From 64b09ea7a7253a32aa22716b2bc3b0924c16b620 Mon Sep 17 00:00:00 2001
From: Cadene <re.cadene@gmail.com>
Date: Thu, 18 Apr 2024 23:54:52 +0000
Subject: [PATCH] WIP add load functions + episode_data_index

---
 download_and_upload_dataset.py   | 31 ++++++------
 lerobot/common/datasets/pusht.py | 22 +++++----
 lerobot/common/datasets/utils.py | 85 +++++++++++++++++++++++++++++++-
 tests/test_datasets.py           | 61 ++++++++++++++++++-----
 4 files changed, 159 insertions(+), 40 deletions(-)

diff --git a/download_and_upload_dataset.py b/download_and_upload_dataset.py
index 6061a450..6a54833e 100644
--- a/download_and_upload_dataset.py
+++ b/download_and_upload_dataset.py
@@ -17,9 +17,9 @@ import tqdm
 from datasets import Dataset, Features, Image, Sequence, Value
 from huggingface_hub import HfApi
 from PIL import Image as PILImage
-from safetensors.numpy import save_file
+from safetensors.torch import save_file
 
-from lerobot.common.datasets.utils import compute_stats
+from lerobot.common.datasets.utils import compute_stats, flatten_dict
 
 
 def download_and_upload(root, revision, dataset_id):
@@ -98,7 +98,7 @@ def push_to_hub(hf_dataset, episode_data_index, info, root, revision, dataset_id
         torch.save(stats, stats_pth_path)
 
     # create and store meta_data
-    meta_data_dir = root / dataset_id / "train" / "meta_data"

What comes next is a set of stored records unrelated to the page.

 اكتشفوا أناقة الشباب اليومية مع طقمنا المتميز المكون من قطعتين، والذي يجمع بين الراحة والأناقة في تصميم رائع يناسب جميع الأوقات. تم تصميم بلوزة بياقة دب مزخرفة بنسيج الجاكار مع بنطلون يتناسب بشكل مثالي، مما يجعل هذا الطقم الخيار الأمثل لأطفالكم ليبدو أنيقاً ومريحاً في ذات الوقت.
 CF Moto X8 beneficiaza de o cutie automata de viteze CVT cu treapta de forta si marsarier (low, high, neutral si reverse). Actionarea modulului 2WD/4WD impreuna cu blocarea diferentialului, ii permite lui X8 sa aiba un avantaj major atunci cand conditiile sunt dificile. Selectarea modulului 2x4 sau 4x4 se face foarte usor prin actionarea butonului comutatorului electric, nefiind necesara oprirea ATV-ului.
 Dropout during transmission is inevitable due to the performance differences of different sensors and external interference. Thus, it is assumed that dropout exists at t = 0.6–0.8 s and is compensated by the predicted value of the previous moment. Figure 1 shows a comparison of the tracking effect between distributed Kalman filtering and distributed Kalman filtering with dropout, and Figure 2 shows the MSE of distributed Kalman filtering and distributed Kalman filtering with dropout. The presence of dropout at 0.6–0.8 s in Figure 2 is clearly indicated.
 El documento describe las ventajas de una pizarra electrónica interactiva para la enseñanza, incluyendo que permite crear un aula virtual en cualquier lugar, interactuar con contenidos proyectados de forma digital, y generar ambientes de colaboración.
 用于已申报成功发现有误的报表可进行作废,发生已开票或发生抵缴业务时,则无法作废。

+    meta_data_dir = root / dataset_id / "meta_data"
     meta_data_dir.mkdir(parents=True, exist_ok=True)
 
     api = HfApi()
@@ -115,18 +115,17 @@ def push_to_hub(hf_dataset, episode_data_index, info, root, revision, dataset_id
     )
 
     # stats
-    for key in stats:
-        stats_path = meta_data_dir / f"stats_{key}.safetensors"
-        save_file(episode_data_index, stats_path)
-        api.upload_file(
-            path_or_fileobj=stats_path,
-            path_in_repo=str(stats_path).replace(f"{root}/{dataset_id}", ""),
-            repo_id=f"lerobot/{dataset_id}",
-            repo_type="dataset",
-        )
+    stats_path = meta_data_dir / "stats.safetensors"
+    save_file(flatten_dict(stats), stats_path)
+    api.upload_file(
+        path_or_fileobj=stats_path,
+        path_in_repo=str(stats_path).replace(f"{root}/{dataset_id}", ""),
+        repo_id=f"lerobot/{dataset_id}",
+        repo_type="dataset",
+    )
 
     # episode_data_index
-    episode_data_index = {key: np.array(episode_data_index[key]) for key in episode_data_index}
+    episode_data_index = {key: torch.tensor(episode_data_index[key]) for key in episode_data_index}
     ep_data_idx_path = meta_data_dir / "episode_data_index.safetensors"
     save_file(episode_data_index, ep_data_idx_path)
     api.upload_file(
@@ -139,7 +138,7 @@ def push_to_hub(hf_dataset, episode_data_index, info, root, revision, dataset_id
     # copy in tests folder, the first episode and the meta_data directory
     num_items_first_ep = episode_data_index["to"][0] - episode_data_index["from"][0]
     hf_dataset.select(range(num_items_first_ep)).save_to_disk(f"tests/data/{dataset_id}/train")
-    shutil.copytree(meta_data_dir, f"tests/{meta_data_dir}")
+    shutil.copytree(meta_data_dir, f"tests/data/{dataset_id}/meta_data")
 
 
 def download_and_upload_pusht(root, revision, dataset_id="pusht", fps=10):
@@ -516,12 +515,12 @@ if __name__ == "__main__":
     revision = "v1.1"
 
     dataset_ids = [
-        # "pusht",
+        "pusht",
         # "xarm_lift_medium",
         # "aloha_sim_insertion_human",
         # "aloha_sim_insertion_scripted",
         # "aloha_sim_transfer_cube_human",
-        "aloha_sim_transfer_cube_scripted",
+        # "aloha_sim_transfer_cube_scripted",
     ]
     for dataset_id in dataset_ids:
         download_and_upload(root, revision, dataset_id)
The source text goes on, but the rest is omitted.